A printing apparatus 10 includes a printhead 12 and a pair of spool supports 14, 16, upon which a spool 18, 20 of ribbon 19 may be mounted. The spool supports 14, 16 are rotatable to transfer ribbon 19 from one spool 18, 20 to the other, past the printhead 12 in a ribbon path. Rotation of the spool supports 14, 16 may be controlled by a controller 22 (shown in dotted lines in FIG. 1, since its position relative to other parts of the printing apparatus 10 is irrelevant). The controller 22 may be operable to control drive signals of one or more motors to enable appropriate rotation of one or both spool supports 14, 16 to accurately transfer and position the ribbon 19.

A substrate 24 is transported past the printhead 12 in a substrate path. The substrate 24 may be any material to be printed, for example a packaging material. Movement of the substrate 24 in the substrate path may be controlled by the controller 22. Movement of the substrate 24 may be monitored by the controller 22, for example as the substrate 24 moves through or near the printing apparatus 10. Movement of the substrate may be monitored by the controller 22 even if movement of the substrate 24 is controlled by an alternative controller, for example a controller that is part of the production line apparatus.

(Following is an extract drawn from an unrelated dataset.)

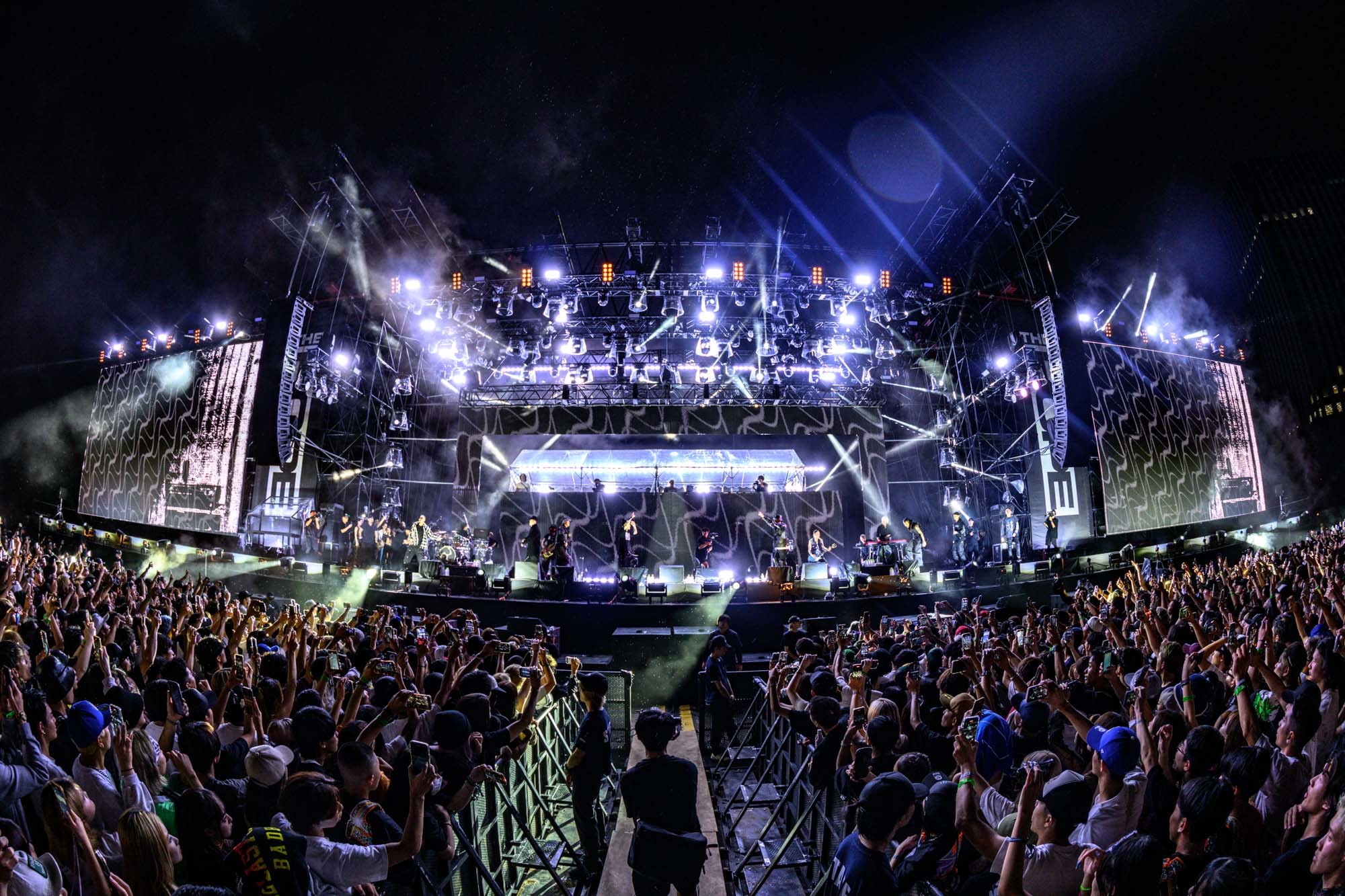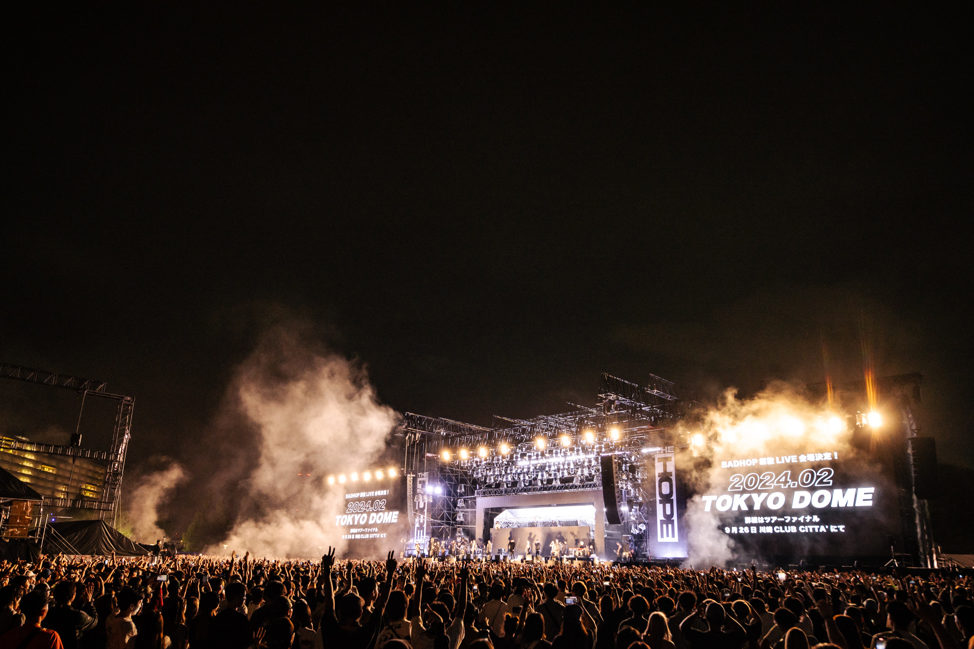さあ、ついにここまで来た。3万人の大観衆が8時間以上待ち続けた今日のファイナルアクト、BAD HOPの登場だ。ご存知の通り、来春にクルー解散を発表している彼らにとって、一回一回のステージはまさにメモリアル。バンドを従えての特別編成で、1曲目「Kawasaki Drift」からとんでもないパワーで一気に飛ばす。しかもメンバーは金子ノブアキ(Dr)、Kenken(B)、masasucks(G)、伊澤一葉(Key)という、夏のフジロックフェスティバルを再現する最強メンツだ。体にぶつかって来る音の感触はヒップホップでありながらラウドロックに近く、うねりのある重たいグルーヴの上で8MCが個性あふれるラップをぶつけあう。「Friends」「High Land」などイントロから大歓声、フックに至るまでオーディンエンス全員が歌いまくる光景が現出し、ラップをJ-POPやロックと同じレベルで聴き取って盛り上がれる層がついに根付いたことを、目と耳でしっかりと実感する。まさしく80年代から続く日本語ラップの歴史のここが最先端。「解散ライブ、2024年2月、東京ドームでやります」と、T-Pablowのアナウンスに応えて湧きあがった怒号のような大歓声が、今も耳を離れない。

Movement of the printhead 12 relative to the ribbon 19 may be controlled by the controller 22. Movement of the printhead 12 may be substantially parallel to the substrate path and/or the ribbon path. Movement of the printhead 12 may be substantially perpendicular to the substrate path and/or the ribbon path, in other words, towards and away from the ribbon and/or substrate.

Movement of the printhead 12 and/or the ribbon 19 and/or the substrate 24 may be bi-directional.

To carry out a printing operation, the printhead 12 is typically moved towards the ribbon 19 from a ready to print position to a printing position.

FIG. 2 shows a portion of ribbon 19, after two printing operations have been carried out in typical fashion. A first image 30 is made up of two lines of alphanumeric text in the example shown, but could be any image, such as a barcode, QR code, or a visual image, for example. The first image 30 and the second image 32 depict ink having been removed from the ribbon 19—in other words they are a “negative” image of what has been printed on the substrate 24, and appear in FIG. 2 as if looking “through” the ribbon 19 from the un-inked side. In the example shown in FIG. 2, the images 30, 32 are both printed in a first orientation relative to the printhead. The images 30, 32 are printed “in line” with the printhead 12. The printhead 12 is oriented substantially perpendicular to the direction of travel of the substrate 24 and the ribbon 19. Each image 30, 32 is oriented in FIG. 2 such that an angle θ between the printhead 12 and an axis A which corresponds with the orientation of the first and the second images 30, 32, is approximately 0° and an angle between the direction of travel of the substrate 24 and the image is substantially 90°.

The first image 30 has a first bounding area 30a which is defined by a dotted rectangle in FIG. 2. A second image 32 has a first bounding area 32a, also shown by a dotted rectangle in FIG. 2.

The first bounding area 30a, 32a of each image to be printed 30, 32 is a bounding area that is associated with the respective image 30, 32 when it is in a first orientation relative to the ribbon 19. The bounding areas 30a, 32a are not printable marks, but are used to determine the outer limits of the respective image 30, 32 in each direction.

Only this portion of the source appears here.